I am a work in progress. I am always thinking, learning, searching...trying to find the happiest I can be. I have discovered that part of the problem with me in the past is that I have a hard time making decisions for myself. Little things, like what furniture to buy, is easy for me. Big things, like where to live or what job to take, not so easy. I ask everyone that will listen their opinion. I have done this my whole life...with everything.
I have come to realize in the past few months that I need to trust myself, even if no one else trusts me to make good decisions. I am in charge of me. I know what is best for me.
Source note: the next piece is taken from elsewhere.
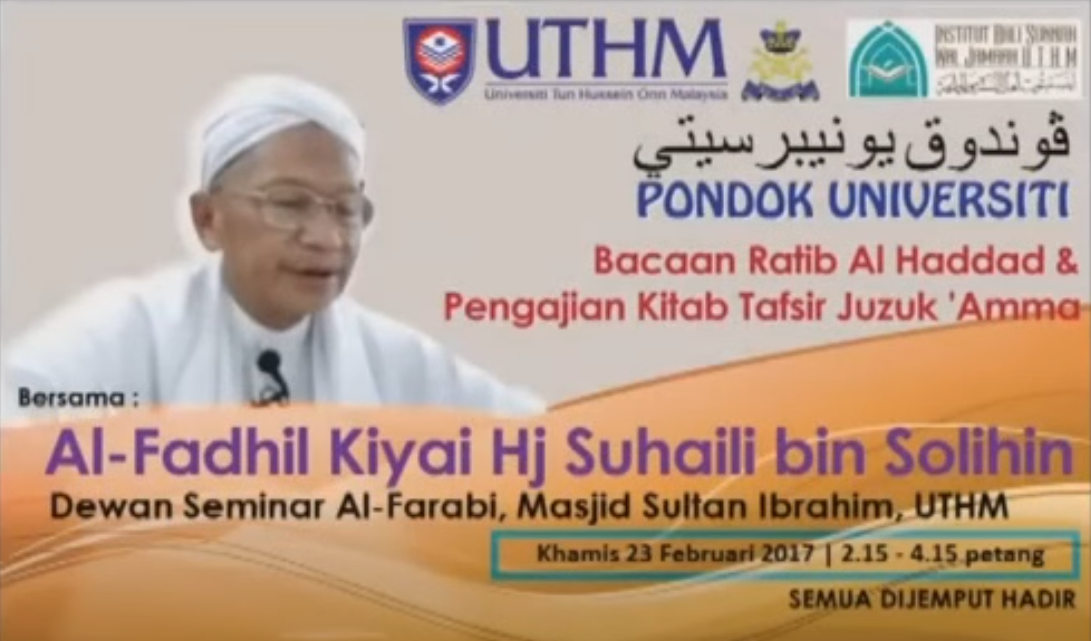 PROGRAM PONDOK UNIVERSITI UTHM: AL FADHIL KIYAI HAJI SUHAILI B SOLIHIN "ORANG YANG PALING BAIK DI ANTARA KALIAN ADALAH SEORANG YANG BELAJAR AL-QUR'AN & MENGAJARKANNYA [HR. BUKHARI No.4639].
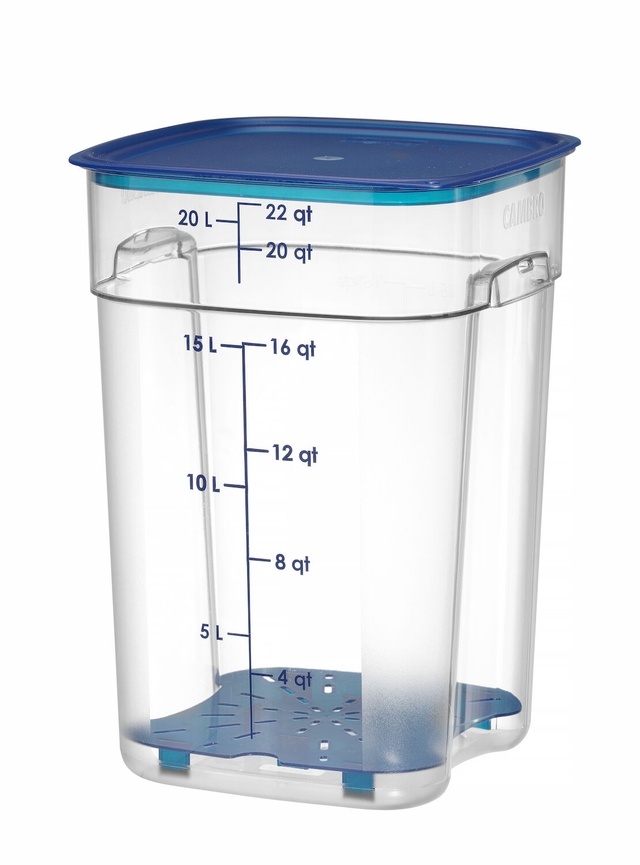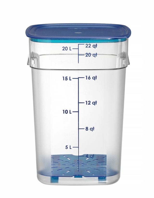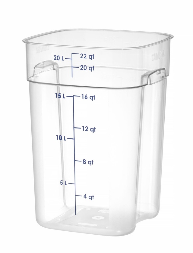 Pojemnik na żywność CamSquares® Fresh Pro firmy Cambro to wielorazowe i przyjazne środowisku rozwiązanie pozwalające na wydłużenie czasu przydatności żywności. Nadaje się do mokrych i suchych produktów. Jest idealny do przechowywania ziół i przypraw, warzyw, mięs, owoców morza czy płynów. Wykonanie z poliwęglanu, materiału odpornego na odbarwianie się, kwasy spożywcze i zapachy, sprawia, że pojemnik jest niezwykle wytrzymały i tym samym doskonale się sprawdzi w profesjonalnych kuchniach. Teksturowana powierzchnia z boku, zaokrąglone rogi i ergonomiczne uchwyty zwiększają wygodę użytkowania. Pokrywki są sprzedawane oddzielne (dostępne w HENDI). Wytrzymały, nie odbarwia się ani nie chłonie zapachów Pomaga wydłużyć czas przydatności produktów Wygodne użytkowanie dzięki miarce, uchwytom i zaokrąglonym rogom Odporny na temperaturę od –40°C do 99°C Nadaje się do mycia w zmywarce Wykonany z poliwęglanu – wytrzymały, odporny na pęknięcia i złamania, oleje i kwasy spożywcze, nie odbarwia się ani nie absorbuje zapachów. Przeznaczony do suchych i mokrych produktów. Ergonomiczne, wpuszczane uchwyty (dla zwiększenia miejsca do przechowywania, gdy pojemniki są umieszczone obok siebie), z otworami odpływowymi. Tekstura z boku zwiększająca przyczepność – ułatwia przenoszenie. Z miarką po boku, w jednostkach metrycznych i imperialnych (kwarty i litry). Kolor miarki dopasowany do kolorów pokrywek i ociekaczy – sprzedawane oddzielnie, dostępne w asortymencie HENDI. Zaokrąglone rogi umożliwiające bezpieczne przelewanie zawartości z czterech stron. Odporność termiczna: od −40°C do 99°C. Nadaje się do mycia w zmywarce. Dostępny w 7 pojemnościach: – 1,9 l (kod: 2SFSPROCW135), – 3,8 l (kod: 4SFSPROCW135), – 5,7 l (kod: 6SFSPROCW135), – 7,6 l (kod: 8SFSPROCW135), – 11,4 l (kod: 12SFSPROCW135), – 17,2 l (kod: 18SFSPROCW135), – 20,8 l (kod: 22SFSPROCW135).Dane techniczne

I have made some really hard decisions in the last few months that not many people have agreed with initially. They appear to be bad decisions to the blind eye but not to my heart. I am proud of myself because it has been hard. The more I ask for opinions from everyone around me, the harder it is to see what I want clearly. My mind gets skewed by what I think I should do for everyone. And they just love me...that's all. Not one person means harm, I know that. It is me. I ask for an opinion and then I get confused and second guess myself. Maybe this is human nature or maybe it's just my nature.
All I know is that I am truly happy. I am happy in life. I have great kids, a great job, the best family, great friends, and a very loving man in my life. Sounds crazy, right? It's true. I am just happy. I am also proud that I made these decisions on my own, after a lot of thinking, soul searching, research, etc.
I sold my house. And I put an offer on a new one. In the burbs. Fingers crossed!!